Single by Dom Dolla and Nelly Furtado
- Released: 2 June 2023
- Recorded: 2023
- Genre: Tech house
- Length: 3:17
- Label: Three Six Zero, Sony Music
- Songwriters: Dominic Matheson; Nelly Furtado; Anjulie Persaud;
- Producer: Dom Dolla

Dom Dolla singles chronology
| "Rhyme Dust" (2023) | "Eat Your Man" (2023) | "Saving Up" (2023) |

Nelly Furtado singles chronology
| "Sticks & Stones" (2018) | "Eat Your Man" (2023) | "Keep Going Up" (2023) |

= Eat Your Man =

2023 single by Dom Dolla and Nelly Furtado

"Eat Your Man" is a song by Australian record producer Dom Dolla and Canadian singer and songwriter, Nelly Furtado. It was released on 2 June 2023.

At the 2023 ARIA Music Awards, the song was nominated for Best Produced Release and Best Engineered Release, while Dom Dolla was nominated for Best Solo Artist. It was nominated for Dance Recording of the Year at the 2024 Juno Awards and House Song of the Year and Best Collaboration at the 2024 Electronic Dance Music Awards.

==Background==
Dom Dolla and Furtado met at the Beyond The Valley Festival in January 2023 and shared a stage performing "Glue" (by Bicep) and Furtado's "Say It Right". This followed Furtado's New Year's Eve performance in Australia, days before which was her first set in five years.

Dom Dolla said "Nelly first reached out to me after we were both booked to play Beyond The Valley Festival. She'd discovered my music not long before and was into what she heard. We immediately hit it off." Furtado was writing some new music and wanted his help as a producer. Dom Dolla continued, "After a few days of writing she mentioned she would love to work on a club record together, and we began to put some ideas down, Not long after, 'Eat Your Man' was born."

Furtado said the song's creation took place on Valentine's Day 2023 with the first ideas coming together on a drive to a Philadelphia recording studio. Her friend and fellow passenger Anjulie Persaud suggested the lyrics harken back to Furtado's older hits. Furtado told Dom Dolla that she wanted a song that "Mr. Beach will party to at 4 a.m."

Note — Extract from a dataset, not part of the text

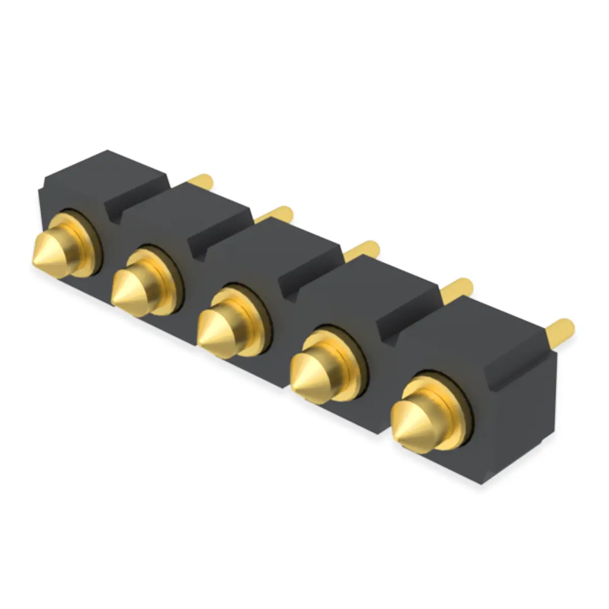 5 point pogo pin connector is a high performance spring loaded interface featuring a cluster of multiple independent contact probes housed in a precision molded frame. Each contact comprises a plunger, an internal spring, and a sturdy barrel, providing a flexible connection that absorbs mechanical tolerances and vibrations. These connectors are widely used for data syncing and power charging in smart wearables, medical devices, and industrial equipment. By utilizing vertical compression instead of traditional sliding friction, they ensure a long lasting, reliable connection that withstands thousands of mating cycles without compromising electrical integrity or physical stability.

In May 2023, Furtado confirmed she was working on new music, saying "I have so much music. I've recorded a hundred songs in the last 18 months, and I'm so excited to bring people new music." On 26 May 2023, Furtado announced the release of "Eat Your Man" on her social media accounts.

==Critical reception==
Jason Heffler from EDM wrote: "Eerie synths slither into focus before Furtado's unapologetic flow takes center stage. 'I'll eat your man, devour him whole', warns a badass Furtado, invoking 2006's generational "Maneater". Underneath, a thick bass-line slices through like a hot knife through butter, carving through an infectious house beat."

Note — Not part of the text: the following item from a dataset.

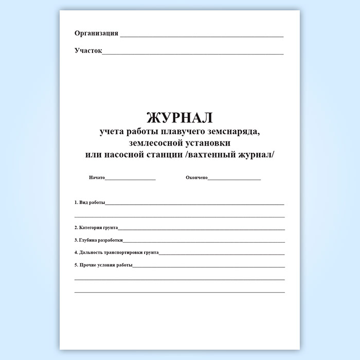 Журнал учета работы плавучего земснаряда, землесосной установки или насосной станции (вахтенный журнал) (форма ПД-3) в Хотьково купить

Music-News felt that "'Eat Your Man' connects two worlds, and confirms two facts: Nelly Furtado is back, and Dom Dolla is at the top of his game", adding that "It showcases a distinct Dom Dolla production and Nelly's iconic lyricism."

==Charts==
===Weekly charts===

Weekly chart performance for "Eat Your Man"
| Chart (2023) | Peak position |
|---|---|
| Australia (ARIA) | 84 |
| Australia Club Tracks (ARIA) | 1 |
| Australia Dance (ARIA) | 6 |
| Canada CHR/Top 40 (Billboard) | 28 |
| Canada Digital Song Sales (Billboard) | 25 |
| Netherlands Club (Dutch Top 40) | 1 |
| New Zealand Hot Singles (RMNZ) | 13 |
| UK Singles Downloads (OCC) | 81 |
| US Hot Dance/Electronic Songs (Billboard) | 15 |

===Year-end charts===

Year-end chart performance for "Eat Your Man"
| Chart (2023) | Position |
|---|---|
| Australian Artist (ARIA) | 49 |
| US Hot Dance/Electronic Songs (Billboard) | 73 |
| Chart (2024) | Position |
| Australian Artist (ARIA) | 39 |

==Certifications==

Certifications for "Eat Your Man"
| Region | Certification | Certified units/sales |
| Australia (ARIA) | Platinum | 70,000^{‡} |
| Canada (Music Canada) | Gold | 40,000^{‡} |
| New Zealand (RMNZ) | Gold | 15,000^{‡} |
^{‡} Sales+streaming figures based on certification alone.